The scene was character driven with little focus on the accident itself and more about the innards of my lead female with a hint of what might be in store for her. I knew using an accident would trigger the fear and pain buried inside this girl--which remains hidden throughout most of the story--and would also afford me the opportunity to give the reader a glimpse into a special talent this girl possess but ignores. AND yes, a little of her past, but just enough to make the reader go Hmmm?

However, there was one point in the chapter where she went Whoa and question my reasons for not starting the chapter there.

I found it so interesting when she asked me that. Let me set it up for you: girl wakes up in backseat with unconscious friend + sees strangers just outside vehicle. At the end of the scene, the lead female (who's vision is blurred) senses someone near...too near. She hears his voice and exhales what she believes to be her last. Her world then fades to black. But the reader is privy to the fact that something is being done to her and it's not death taking her.

Originally, I hadn't included her waking, seeing someone outside the van, etc... It was simply her feeling someone near, not knowing who or what it was. This was the place Natalie felt the chapter reeled her in. I told her that I'd lengthened it because I was afraid someone would interpret the shortness of the chapter (which was only two pages double-spaced) for a prologue, which I didn't want. She assured me that it didn't read like a prologue as long as the story moved forward in chapter 2, which it does.

So here, I needed to either cut the beginning out entirely or take out some extraneous phrases and descriptions of the scene to speed up the intensity, tighten my prose, and completely hook the reader. Note: my Oasis Ladies had read the chapter prior and each of them had the same assessment as Natalie. Smart chickies. 

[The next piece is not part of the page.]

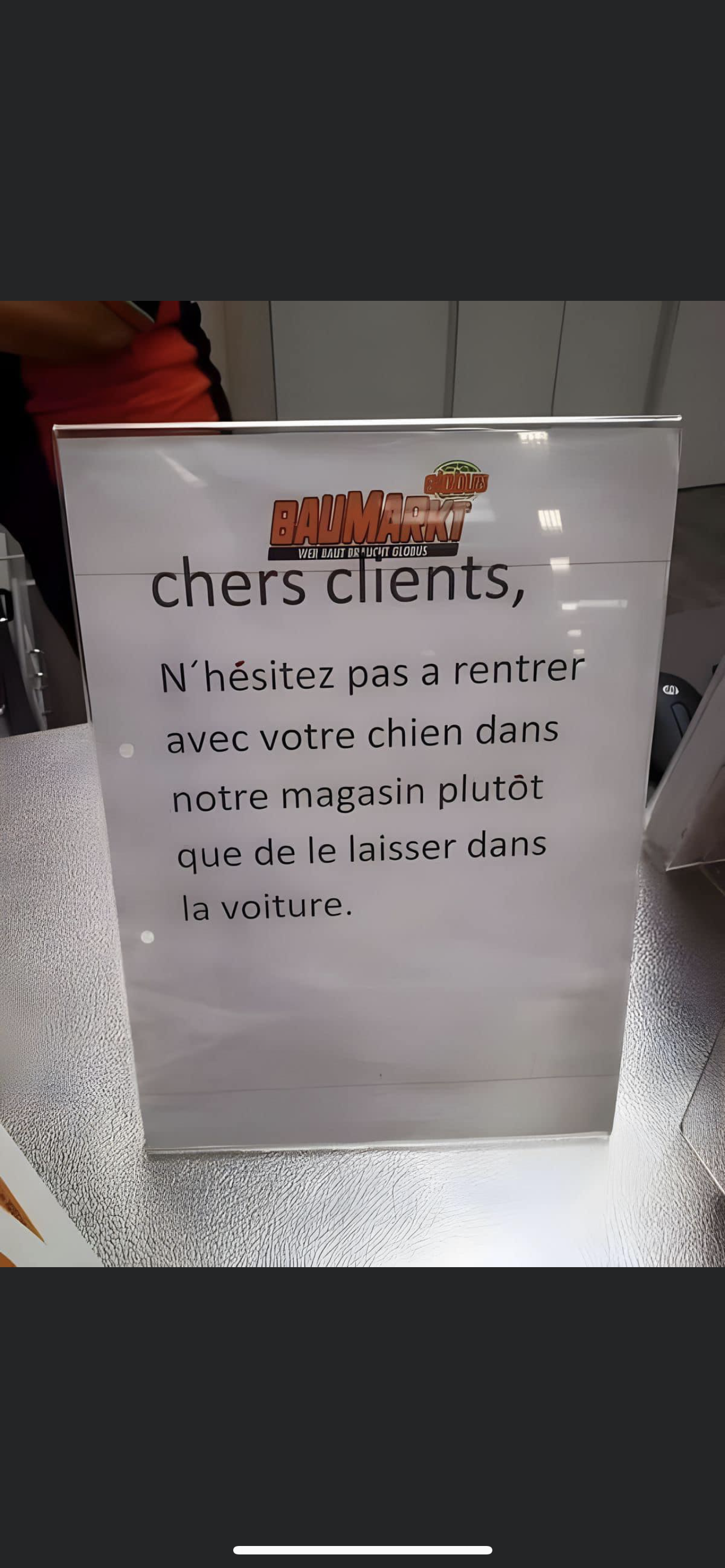 Dommage on peut pas mettre zero Je suis venu avec mes enfants en bas âge pour acheter 2-3 bricoles avec notre chiot qui a 2 mois et que je porté dans mes bras par une journée à plus de 30 degrés pour pas le laisser dans la voiture et là nous avons eu le plaisir de nous faire interpeller pas une dame je pense que c’est l’employée du mois mais tout les mois enfin ptete dans sa tête Pour nous demander de sortir du magasin car les chiens sont interdit car ils vendent de la nourriture (ils vendent de la nourriture comme ils vendent de la peinture le rayon d’à côté)je lui explique que il fait chaud et que je porte le chiot elle veut rien savoir notre employé du mois et nous demande donc de sortir ce que nous avons fait avec les enfants on était choqué par ce manque d’empathie envers les animaux un peu moin par l’incompétence de la dame PRENEZ EXEMPLE SUR D’AUTRE ENSEIGNE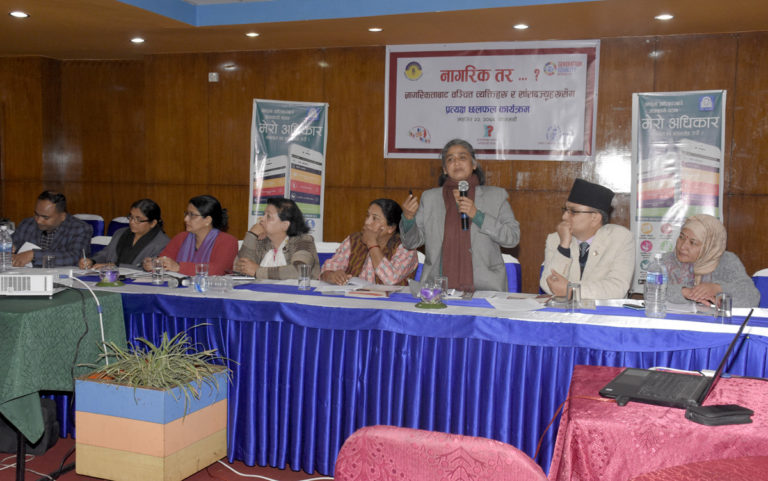 महिला, कानून र विकास मञ्चले आइतबार काठमाडौंको अल्फाबिटामा आयोजना गरेको ‘नागरिकताबाट वञ्चित व्यक्ति र सांसदसँगको छलफल’ कार्यक्रमका वक्ताले संसद्मा विचाराधीन नागरिकतासम्बन्धी विधेयक सङ्घीय संसद्को आगामी हिउँदे अधिवेशनबाट पारित हुनुपर्नेमा जोड दिएका थिए ।

Natalie's advice was universal to all five of us writers who met with her.

The Breakdown
~Opening Chapter~
  1. A chapter is a chapter despite the length. YOU may chose to keep it short - as I had originally - for impact. That doesn't necessarily make it a prologue. 
  2. If you're going to start with a bang - start with a bang and keep it rolling.
  3. Use shorter sentences to create tension and suspense.
  4. Step inside the scene. Tell what you see, hear, feel, taste, and smell. Use it all.
  5. The reader only knows what the writer tells them. Think carefully about what you want to reveal or keep hidden. That, right there, could be the hook which makes your story irresistible. 
  6. Use adjectives and adverbs sparingly, especially in the opening scene. 
  7. In any story, but especially young adult or middle grade literature, speed is a necessity. Keep your scenes and chapters moving quickly. In today's world, most readers between the ages of 11 and 19 could find an abundance of other activities to do other than finishing your book.
  8. Shorter chapters work well for keeping suspense and attention spans. 
  9. While editing after your first draft, be sensitive to tightening your prose by discarding extra details or repetitive details. (Yeah, we hate to chuck a beautiful sentence. But if it's not moving the character, scene, or story forward ditch it. But do create a folder for unused material. You never know when it could come in handy.)
  10. This is my personal deduction: trust your instincts. I knew where I wanted to start the chapter and what I truly wanted to communicate, but was afraid to push the envelope, step out of the normal box, or take a risk. Ultimately, Be True To Yourself and someone will believe in you and your work. 
Overall and much to my delight, she was intrigued and wanted to read more. Yeah, that was way cool to hear. In the near future, I will share with you how I applied her advice and rewrote my opener. That will have to come after I submit it to our way-so-cool Query Kick-Around on YAlitchat. If you haven't checked out this amazing writing community, please do. You won't be sorry. *grins and bats lashes then chokes on her coffee*  Grace...yup, that would be me.

Please feel free to add to my list. I'd love to hear some of your experiences with first chapters.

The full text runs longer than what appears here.